[Exercise] Write again exactly the lines in the listing below, starting at the line with "Перевод не очень" and ending at the line with "지난달 엘살바도르 수도", both included. Pictures are not copied.

[Given data]

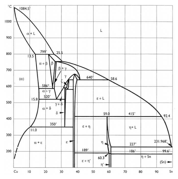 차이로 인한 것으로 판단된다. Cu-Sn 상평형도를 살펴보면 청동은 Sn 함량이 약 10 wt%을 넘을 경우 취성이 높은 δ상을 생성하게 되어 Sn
* * *
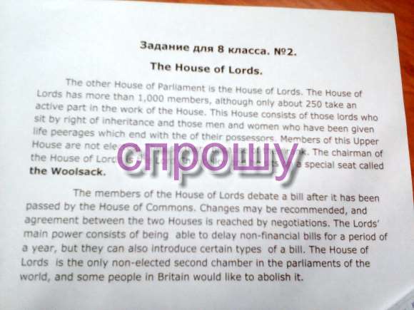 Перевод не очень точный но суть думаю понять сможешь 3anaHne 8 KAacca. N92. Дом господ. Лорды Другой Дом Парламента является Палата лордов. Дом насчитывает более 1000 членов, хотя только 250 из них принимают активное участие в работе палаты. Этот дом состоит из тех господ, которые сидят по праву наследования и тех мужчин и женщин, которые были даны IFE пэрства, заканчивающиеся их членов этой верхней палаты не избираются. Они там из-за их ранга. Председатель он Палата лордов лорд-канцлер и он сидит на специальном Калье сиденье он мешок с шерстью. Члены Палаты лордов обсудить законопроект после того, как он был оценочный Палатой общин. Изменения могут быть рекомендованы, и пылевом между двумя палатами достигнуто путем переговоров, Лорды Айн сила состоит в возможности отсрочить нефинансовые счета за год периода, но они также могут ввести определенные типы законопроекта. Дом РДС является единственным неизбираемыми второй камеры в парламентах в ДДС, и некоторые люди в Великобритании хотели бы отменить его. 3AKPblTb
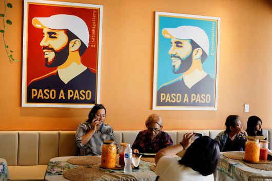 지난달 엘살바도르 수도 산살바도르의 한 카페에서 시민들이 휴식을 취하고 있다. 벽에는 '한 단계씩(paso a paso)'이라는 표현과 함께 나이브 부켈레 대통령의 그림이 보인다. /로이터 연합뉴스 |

[Answer to the problem]
 Перевод не очень точный но суть думаю понять сможешь 3anaHne 8 KAacca. N92. Дом господ. Лорды Другой Дом Парламента является Палата лордов. Дом насчитывает более 1000 членов, хотя только 250 из них принимают активное участие в работе палаты. Этот дом состоит из тех господ, которые сидят по праву наследования и тех мужчин и женщин, которые были даны IFE пэрства, заканчивающиеся их членов этой верхней палаты не избираются. Они там из-за их ранга. Председатель он Палата лордов лорд-канцлер и он сидит на специальном Калье сиденье он мешок с шерстью. Члены Палаты лордов обсудить законопроект после того, как он был оценочный Палатой общин. Изменения могут быть рекомендованы, и пылевом между двумя палатами достигнуто путем переговоров, Лорды Айн сила состоит в возможности отсрочить нефинансовые счета за год периода, но они также могут ввести определенные типы законопроекта. Дом РДС является единственным неизбираемыми второй камеры в парламентах в ДДС, и некоторые люди в Великобритании хотели бы отменить его. 3AKPblTb
 지난달 엘살바도르 수도 산살바도르의 한 카페에서 시민들이 휴식을 취하고 있다. 벽에는 '한 단계씩(paso a paso)'이라는 표현과 함께 나이브 부켈레 대통령의 그림이 보인다. /로이터 연합뉴스 |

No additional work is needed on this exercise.